Japanese megabanks are expected to continue investing into foreign securities and expand into overseas markets in 2019 in a development signalling a higher risk appetite brought about by weak domestic environment.
Foreign securities account for 40-47% of the banks’ total securities, according to Fitch Ratings. Although this does not necessarily suggest a significant increase in risk appetite, banks provide limited details or credit quality information on their foreign investment holdings as they break them down only by government bonds and structured securities, analyst Kaori Nishizawa noted in a report.
Banks have also been actively expanding in Asian emerging markets to offset weak loan demand in Japan although the diversification into these markets, which have lower-eated operating environments than the country, implies heightened credit risks.

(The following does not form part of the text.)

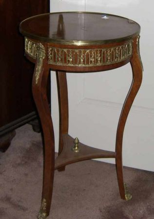 Pair of French inlaid top pedestals with gilt ormolu - 17 3/4" diameter by 29 1/2" tall Pair of French inlaid top pedestals with gilt ormolu - 17 3/4" diameter by 29 1/2" tall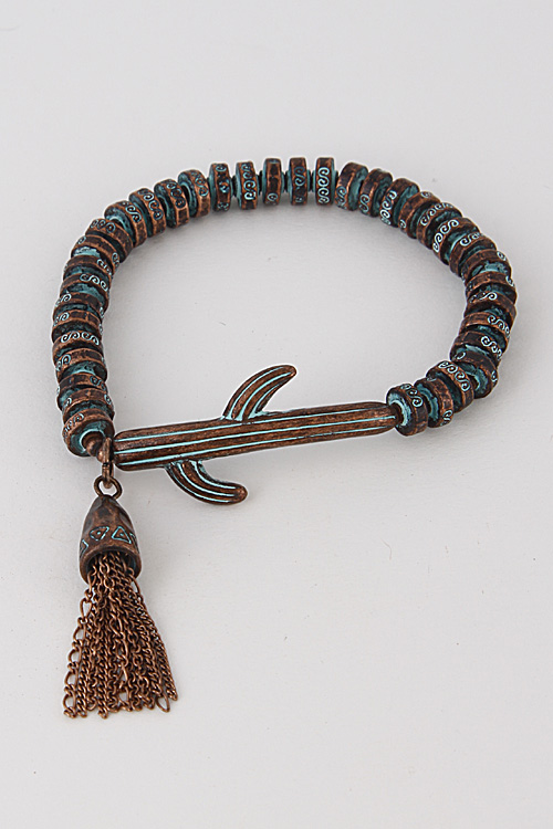 • * Antique Inspired Bracelet With Tassel And Cactus 6IBE4 * 2.5 X 2.5" approx.

In 2013, MUFG took over Bank of Ayudhya in Thailand, bought 20% of the Philippines' Security Bank in 2016 and doubled its stake in Indonesia's Bank Danamon to 40% in 2018. Meanwhile, SMFG owns Bank Tabungan Pensiunan Nasional in Indonesia, and Mizuho has tied up with the Export-Import Bank of Thailand.
“The banks continue to look for growth in developed markets, but their competitive position is also weaker than in Japan, which is likely to push the banks to take additional credit risk should they prioritise asset growth,” he added.
An earlier reading from a central bank index that measures the risk-taking practices in the country's financial services sector notes that such activities by Japanese banks have hit a near 30-year high in April-September 2018
“These approaches for overcoming challenges to profitability are increasing their vulnerability to credit and market risk,” concluded Nishizawa.